##### Material to process #####

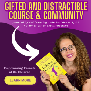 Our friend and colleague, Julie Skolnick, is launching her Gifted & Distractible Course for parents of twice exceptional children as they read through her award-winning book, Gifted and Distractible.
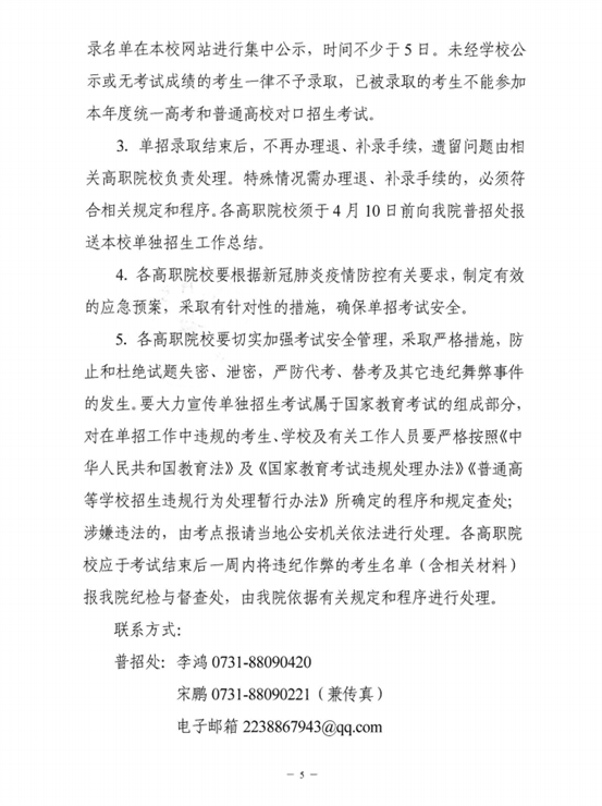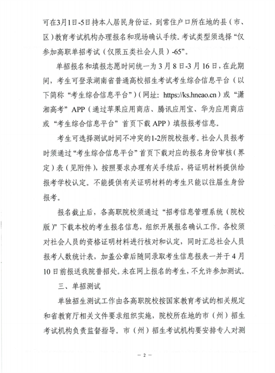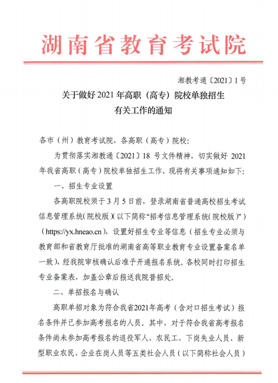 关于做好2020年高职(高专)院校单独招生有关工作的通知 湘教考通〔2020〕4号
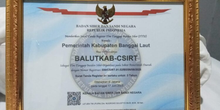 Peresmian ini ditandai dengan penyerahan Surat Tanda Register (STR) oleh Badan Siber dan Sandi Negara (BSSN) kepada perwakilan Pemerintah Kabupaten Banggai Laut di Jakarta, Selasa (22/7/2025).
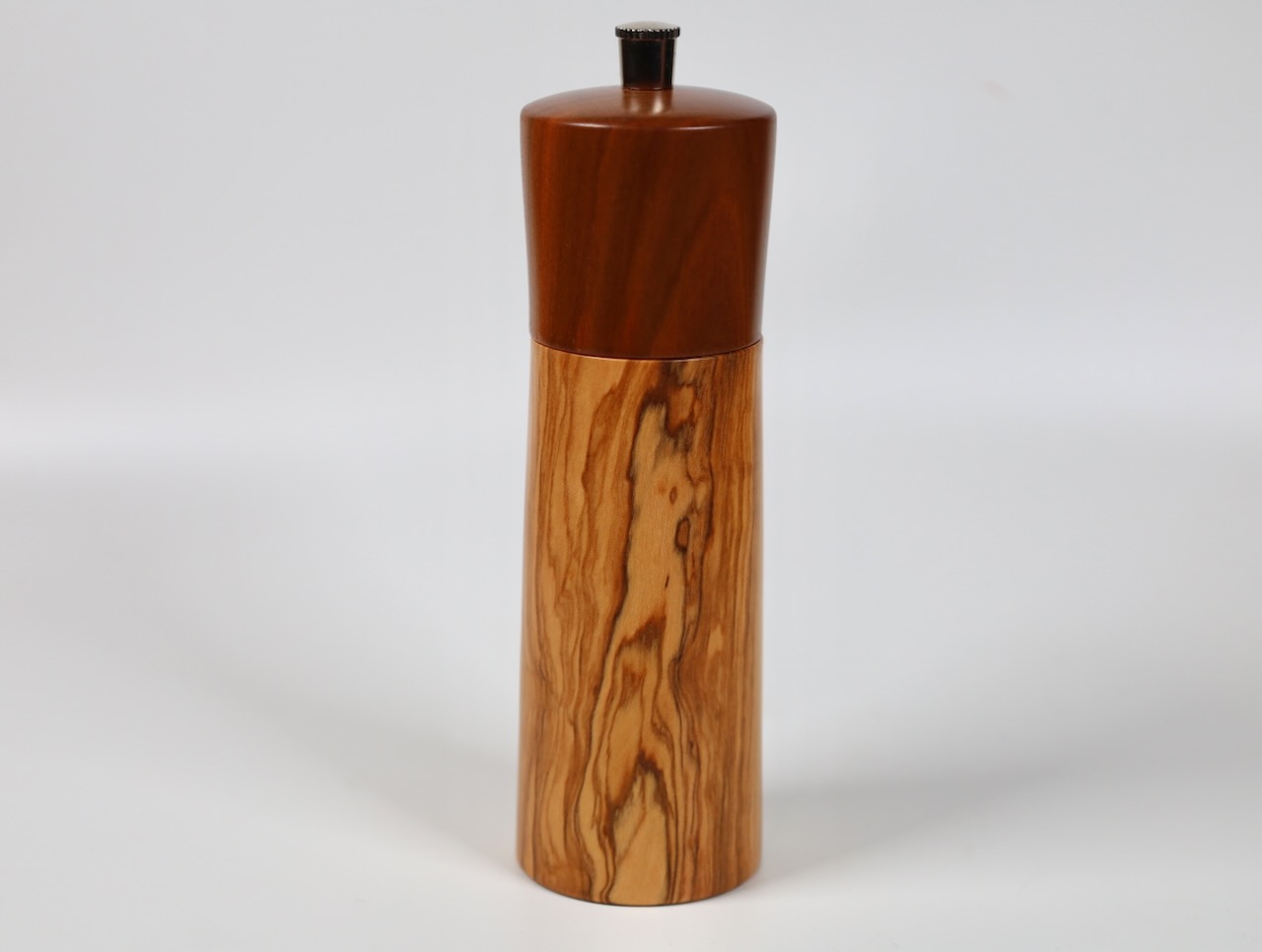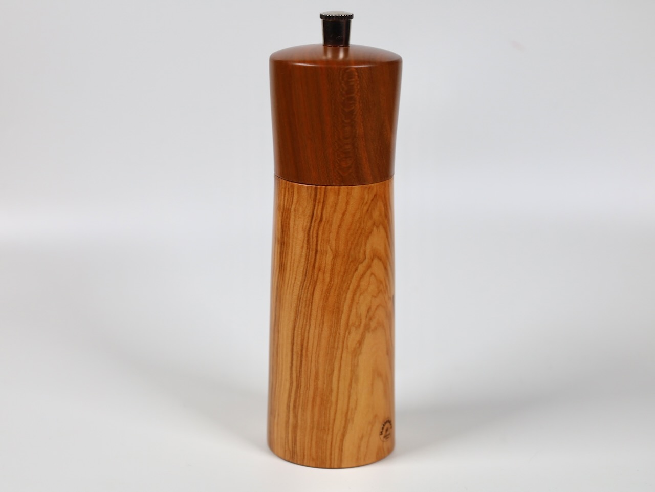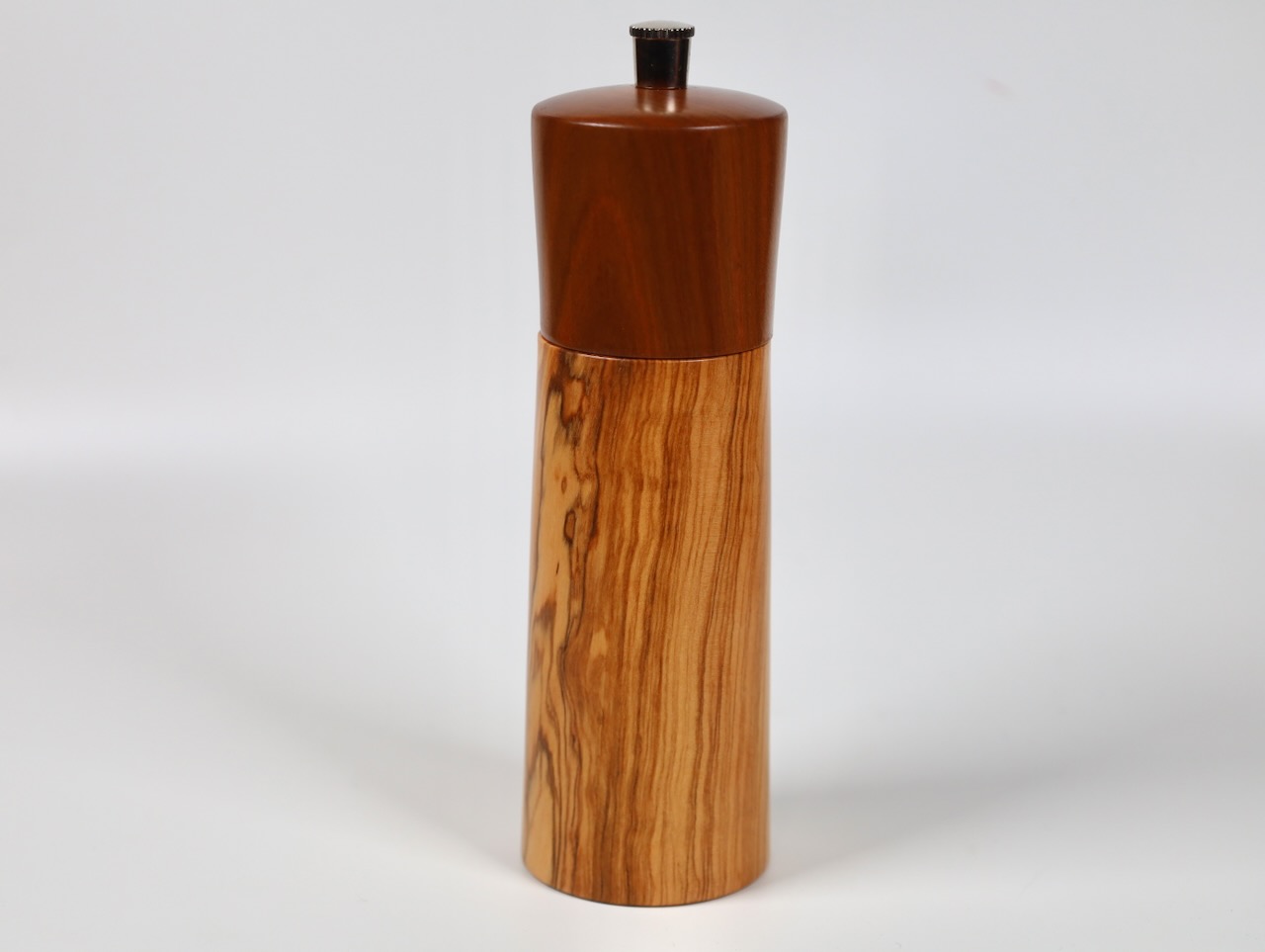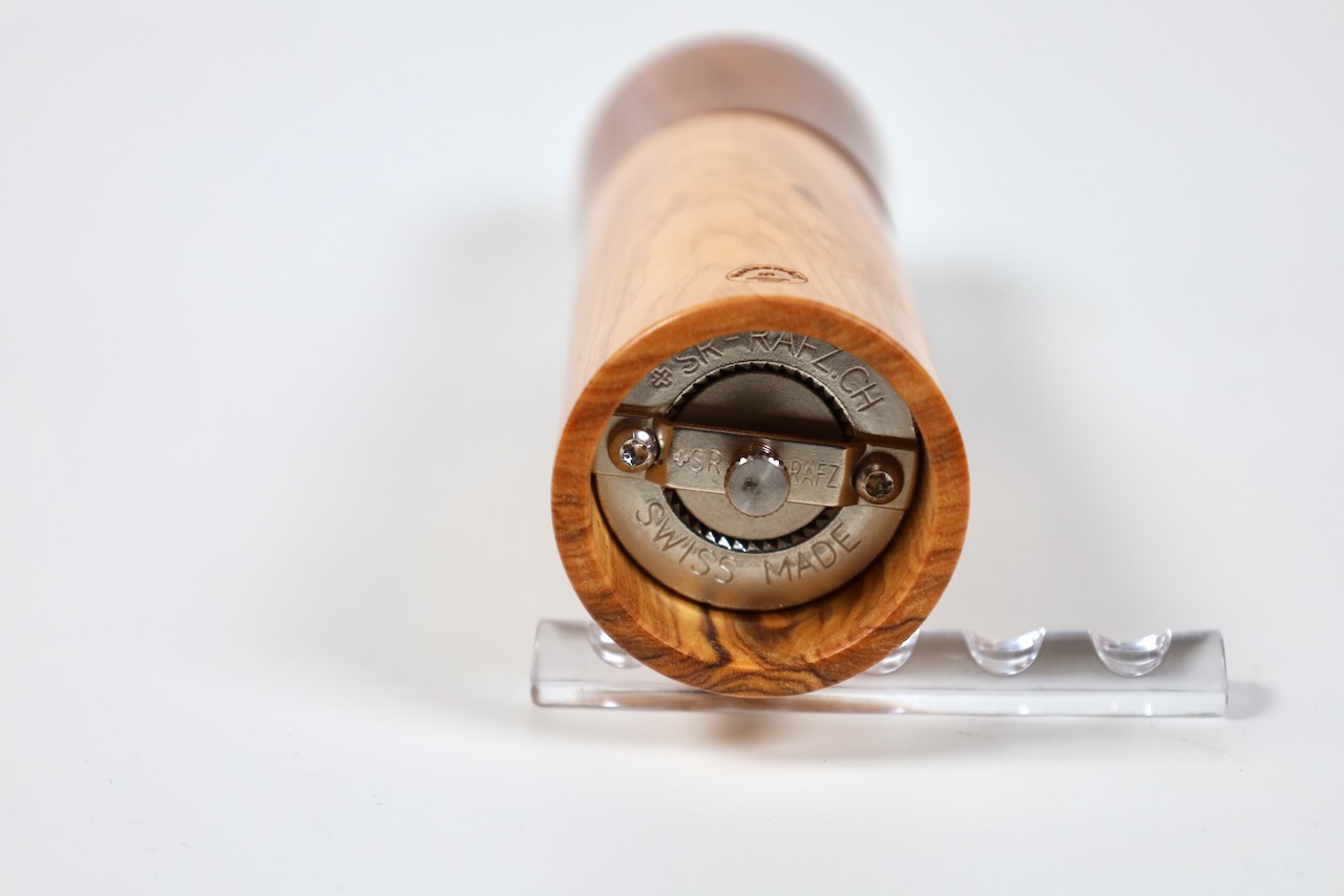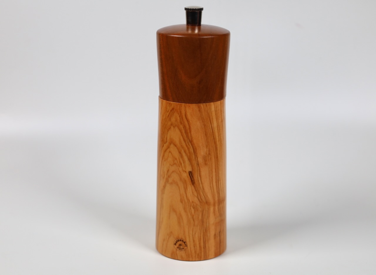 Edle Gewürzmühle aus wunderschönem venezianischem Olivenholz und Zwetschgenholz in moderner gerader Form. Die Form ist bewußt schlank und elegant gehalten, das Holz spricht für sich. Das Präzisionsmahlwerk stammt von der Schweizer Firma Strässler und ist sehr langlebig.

#####
##### Material to process #####

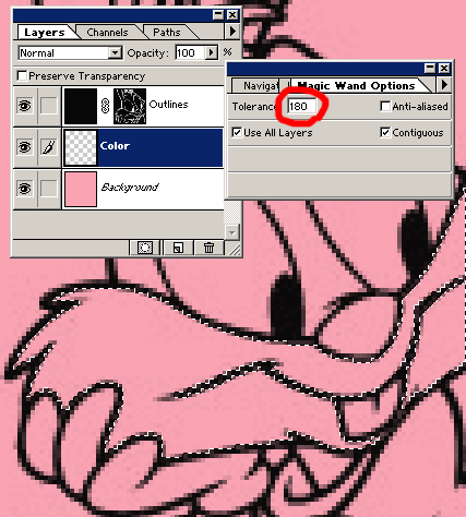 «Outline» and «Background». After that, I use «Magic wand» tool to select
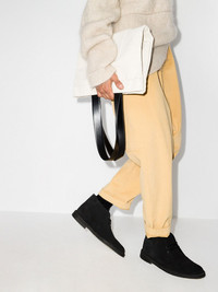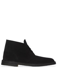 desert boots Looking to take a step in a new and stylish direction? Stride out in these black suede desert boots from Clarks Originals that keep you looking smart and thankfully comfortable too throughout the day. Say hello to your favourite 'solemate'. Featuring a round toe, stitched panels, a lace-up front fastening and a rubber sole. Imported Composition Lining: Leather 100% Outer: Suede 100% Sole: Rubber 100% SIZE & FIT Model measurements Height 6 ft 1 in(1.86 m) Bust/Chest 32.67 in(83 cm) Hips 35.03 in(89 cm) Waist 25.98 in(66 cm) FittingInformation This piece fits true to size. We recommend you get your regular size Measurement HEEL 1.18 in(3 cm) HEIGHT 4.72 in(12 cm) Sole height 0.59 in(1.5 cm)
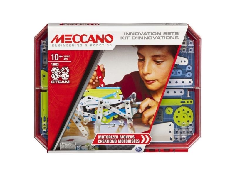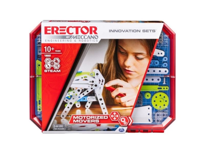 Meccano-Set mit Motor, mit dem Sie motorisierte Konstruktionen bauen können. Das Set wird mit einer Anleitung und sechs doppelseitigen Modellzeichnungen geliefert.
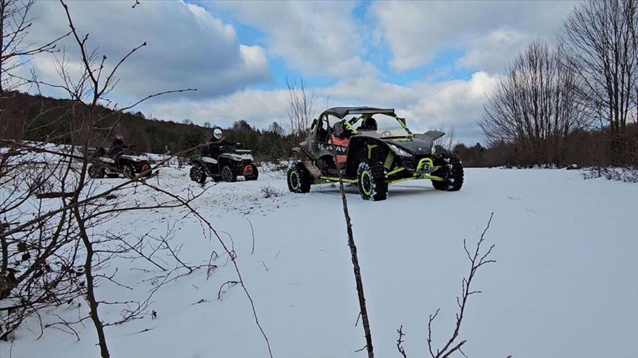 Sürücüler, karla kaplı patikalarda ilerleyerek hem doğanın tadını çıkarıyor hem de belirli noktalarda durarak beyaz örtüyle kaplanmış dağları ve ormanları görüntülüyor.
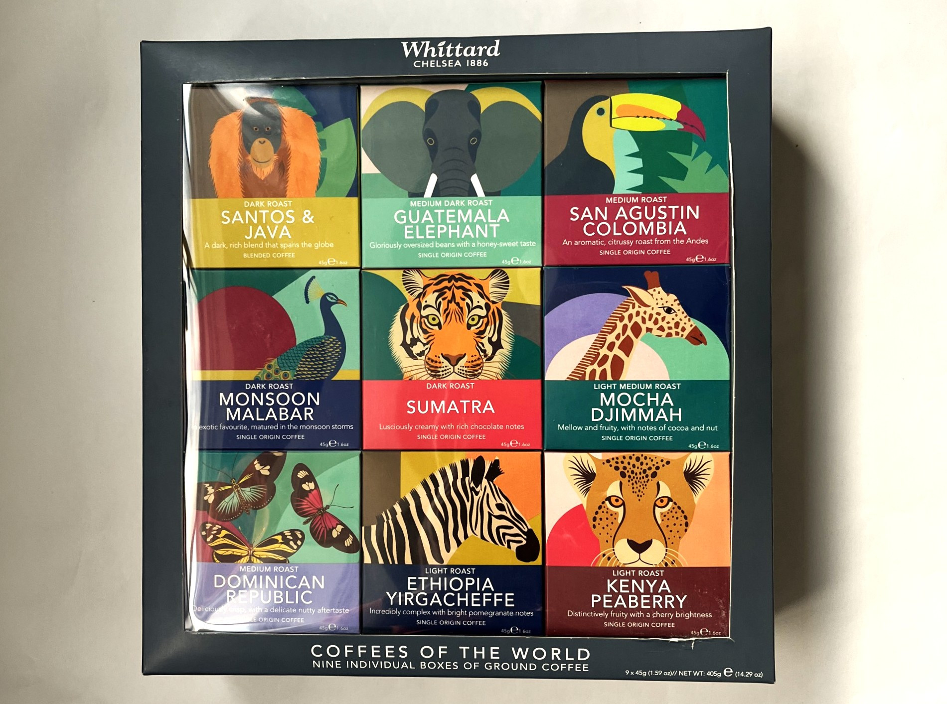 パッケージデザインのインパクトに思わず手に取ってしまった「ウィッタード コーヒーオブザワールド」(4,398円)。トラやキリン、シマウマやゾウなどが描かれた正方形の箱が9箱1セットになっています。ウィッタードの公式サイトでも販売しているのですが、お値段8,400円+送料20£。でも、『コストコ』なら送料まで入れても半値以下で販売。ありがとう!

#####

Beginning at the line that has "Our friend and" and ending at the line that has "Peresmian ini ditandai", restate the listing above word for word, pictures left out.

 Our friend and colleague, Julie Skolnick, is launching her Gifted & Distractible Course for parents of twice exceptional children as they read through her award-winning book, Gifted and Distractible.
 关于做好2020年高职(高专)院校单独招生有关工作的通知 湘教考通〔2020〕4号
 Peresmian ini ditandai dengan penyerahan Surat Tanda Register (STR) oleh Badan Siber dan Sandi Negara (BSSN) kepada perwakilan Pemerintah Kabupaten Banggai Laut di Jakarta, Selasa (22/7/2025).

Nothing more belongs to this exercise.